The relevant webpage information of scholar in network, is extracted from web page text using natural language processing technique and Text Mining Technology
The viewpoint sentence of scholar and the element information of viewpoint analyze the emotion and polar intensity of viewpoint, automatically right using abstract template
Viewpoint sentence is integrated, and is improved scholar's viewpoint and is extracted the readability of result and the satisfaction of user.

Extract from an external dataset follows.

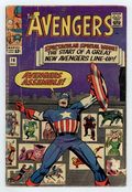 Tags: Marvel Legacy Numbering: Avengers (part 16), Avengers$125.00"The Old Order Changeth!" Script by Stan Lee, layouts by Jack Kirby, finished art by Dick Ayers. New line-up for Avengers: Captain America, Thor, Iron Man, Wasp, Giant Man, Hawkeye, Quicksilver, Scarlet Witch, and Rick Jones. First appearance in Avengers of Edwin Jarvis, the butler (in Avengers). Villains: The Melter, the Enchantress, the Executioner, the second Black Knight, and Zemo's Mercenaries (Erik Josten). Guest Appearances by the Sub-Mariner, the Black Widow, the Mole Man, Kang, and Immortus. Cameos by Magneto, Mastermind, the Toad, Beast, Iceman, Angel (on loan from the original X-Men), and Hulk. Reprinted in Marvel Triple Action # 10. Kirby/Sol Brodsky cover. 36 pages, full color. Cover price $0.12.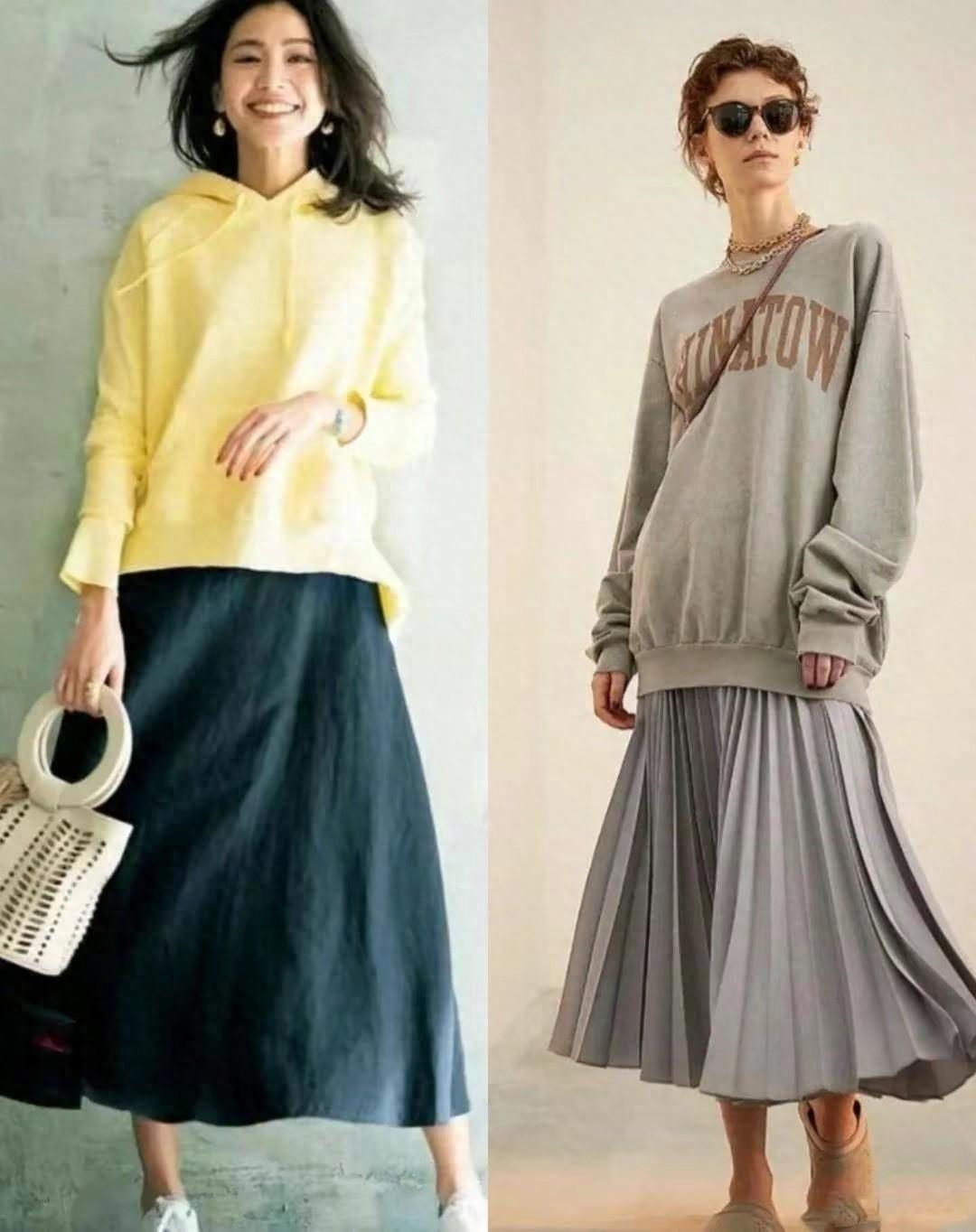 對於四五十歲的女人來講,想要更加溫柔減齡一些、可以嘗試無齡感單品。比如休閒風的衛衣、或者高腰的A字形半身裙,都是日常且基礎的單品。

Detailed description of the invention
Fig. 1 is the method for the invention flow diagram that scholar's viewpoint based on web page text extracts.
Specific embodiment
With reference to the accompanying drawing and embodiments of the present invention are described in further detail method of the invention.
As shown in Figure 1, a kind of scholar's viewpoint abstracting method based on web page text of the present invention, the specific implementation steps are as follows:
Step 1: scholar's webpage information acquisition
Webpage information relevant to given scholar is obtained first.According to scholar's name of user's offer, unit one belongs to's title
Etc. essential informations construct search key, such as " Chinese Literature system, Chen Xiaoming Peking University ", using be based on Python
Scrapy reptile instrument automatically from Internet channels such as official's homepage of university and research institute, Baidupedia, academic documents nets
Webpage information relevant to given scholar is obtained, the text data in webpage is stored.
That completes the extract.